The two have established a website on kickstarter.com to raise funds for the project, with a goal to reach $12,500 by July 15. The site offers incentives for contributions, which include:

 

  • $10 or more a special thanks on the website and a thank-you phone call directly from the island
  • $25 or more an organic cotton tote-bag with a Rabbit Island screenprint OR a hand-screened Rabbit Island organic cotton t-shirt
  • $40 or more a Northern Michigan-inspired mixtape created by Gorski and Ranville
  • $75 or more two limited-edition 8×10 photographic prints, one made by Gorski, the other by Ranville
  • $100 or more the opportunity to adopt a white pine on the island, including a placard with the backer’s name
  • $150 or more a hand-crafted reclaimed wood box made by Ranville containing a rock selected from the island
  • $200 or more dinner out with Gorski or Andrew good only for their respective locations of New York City or London
  • $300 or more a hand-carved and polished walking stick made from Rabbit Island wood
  • $500 or more the opportunity to name the boat that will offer transportation from the island to the mainland
  • $1,000 or more an original artwork by Ranville, to be completed during his residency
  • $2,500 or more an all-expenses paid trip to the island with the group who goes to build the residency during the summer
  • $5,000 or more a fifty-fifty split donation to the Rabbit Island Residency and the Keweenaw Land Trust

 

“If you don’t make the goal, it’s all or nothing,” Ranville said. “If we don’t make goal, nobody’s pledges go through. No one gets charged.”
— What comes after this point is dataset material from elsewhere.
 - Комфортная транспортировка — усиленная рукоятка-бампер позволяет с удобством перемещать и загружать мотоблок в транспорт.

That isn’t to say the project will be scrapped.

“We won’t give up, that’s for sure,” Ranville said. “We’ll just make it a much slower process, I imagine. I hope it goes through because that will guarantee I’ll be able to come and do the first artist residency and make a lot of headway on the actual construction of the residency.”
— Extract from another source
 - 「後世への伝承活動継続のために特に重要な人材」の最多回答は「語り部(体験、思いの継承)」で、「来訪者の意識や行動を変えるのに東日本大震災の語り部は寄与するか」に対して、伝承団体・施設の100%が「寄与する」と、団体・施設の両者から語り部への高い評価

Locals also benefit from new way of thinking of U.P.

Melissa Matuscak, director of the DeVos Art Museum at Northern Michigan University, said she first heard about the project through Gorski and is extremely excited about it.

“I think it’s something that’s really wonderful for the Upper Peninsula and artists, as well,” she said. “The trick is getting people to the U.P. and once they’re there, they fall in love.”
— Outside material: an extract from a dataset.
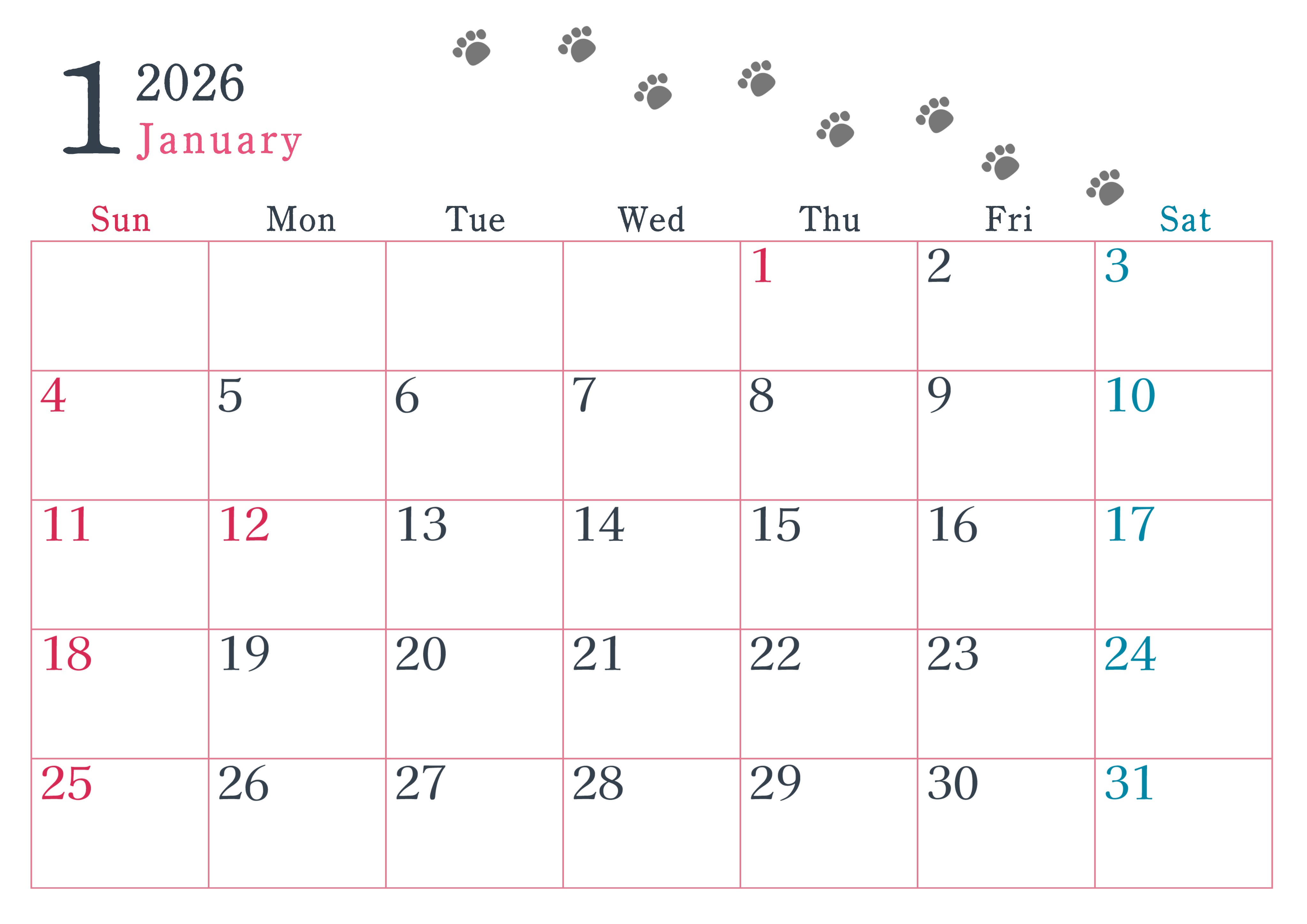 2026年・無料のカレンダーテンプレート 2026年1月カレンダーは横型日曜始まりで猫が自由気ままに歩き回った足あとがかわいい♪ダウンロード無料♪(2026-01260100) 素材状デザイン王 2025年4月9日 2026年1月カレンダーは横型日曜始まりで猫が自由気ままに歩き回った足あとがかわいいイラストつきです。ダウンロードは無料でできるので気軽にご利用ください。(2026-01260100) かわいい 1月 猫 横型のカレンダー 日曜始まり カレンダーデザイン-0126

Matuscak said the opportunity to live on an island as secluded and untouched as Rabbit Island is valuable for artists because it allows them to focus on their work.

“I think it’s just the area,” she said. “It’s so clean and beautiful and pristine. I think a lot of artists, especially those in major cities, can have the experience of coming to some place completely different.”

The residency will benefit more than just the artists, Matuscak said. People in nearby communities such as Houghton, Hancock and Marquette can also benefit.

“I’ve talked with Rob about possibly incorporating an exhibition so that the artist has a public platform to show their work,” she said. “An artist can come from a different place and they get there, do their work and leave. I think Rob would agree this is important to have some kind of engagement with the community.”

Gorski said the idea to promote the island for its natural beauty, instead of exploiting its resources, is a new way of thinking about the U.P.

“The transition from the generation before us to now is a really exciting one,” he said. “I think this idea of a project taking the wilderness that remains and celebrating it, instead of mining it or using it for lumber, is a really significant transition in the history of Michigan. This could exemplify that next generation coming.”